Brief: From the first line to the last, set down the material exactly and drop every picture.

Available data:
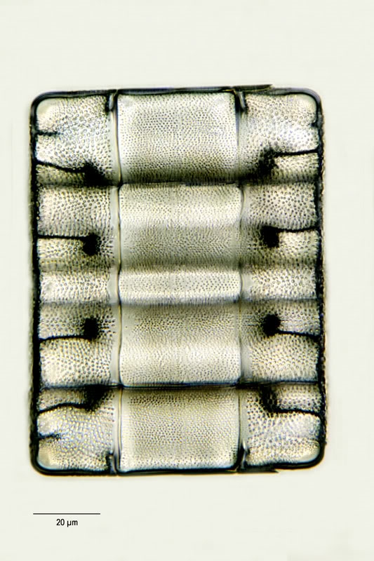 Mit der Namensgebung ist das ja so eine Sache, die nicht immer nachvollziehbar ist. Aber bei der ersten Diatomee kann ich`s schon sehen. Sie müsste eigentlich Bernhard gut gefallen. Ob es sich um eine Einzelzelle handelt, weiß ich nicht. Sie zählt aber zu den Bänder bildenden Diatomeen. Hier ein Link:
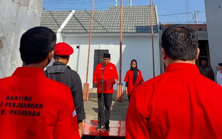 Upacara berlangsung khidmat dan penuh semangat kebangsaan, dipimpin langsung oleh Ketua DPC PDI Perjuangan Kabupaten Pasuruan, Andri Wahyudi.
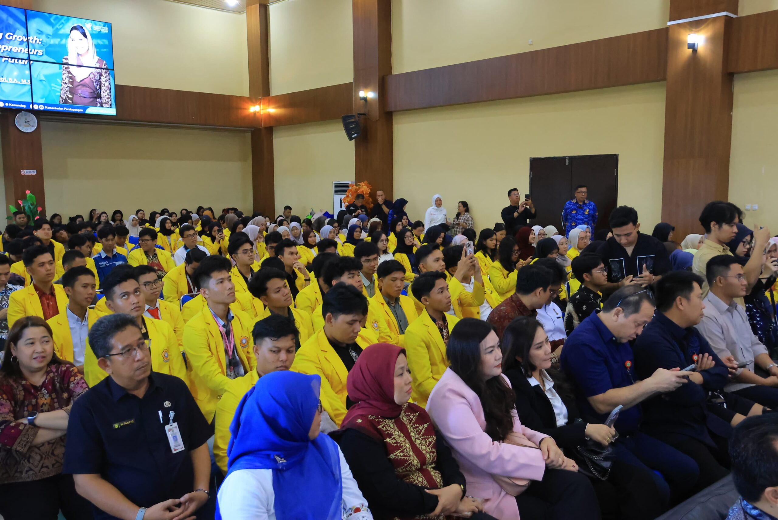 Kegiatan yang berlangsung di Gedung Fasilkom Lantai 7 Kampus Bukit Besar tersebut dihadiri ratusan mahasiswa yang antusias mengikuti paparan mengenai kewirausahaan dan peluang ekonomi masa depan. Turut hadir Wakil Menteri Perdagangan RI, Dyah Roro Esti Widya Putri.

Solution for this problem:
 Mit der Namensgebung ist das ja so eine Sache, die nicht immer nachvollziehbar ist. Aber bei der ersten Diatomee kann ich`s schon sehen. Sie müsste eigentlich Bernhard gut gefallen. Ob es sich um eine Einzelzelle handelt, weiß ich nicht. Sie zählt aber zu den Bänder bildenden Diatomeen. Hier ein Link:
 Upacara berlangsung khidmat dan penuh semangat kebangsaan, dipimpin langsung oleh Ketua DPC PDI Perjuangan Kabupaten Pasuruan, Andri Wahyudi.
 Kegiatan yang berlangsung di Gedung Fasilkom Lantai 7 Kampus Bukit Besar tersebut dihadiri ratusan mahasiswa yang antusias mengikuti paparan mengenai kewirausahaan dan peluang ekonomi masa depan. Turut hadir Wakil Menteri Perdagangan RI, Dyah Roro Esti Widya Putri.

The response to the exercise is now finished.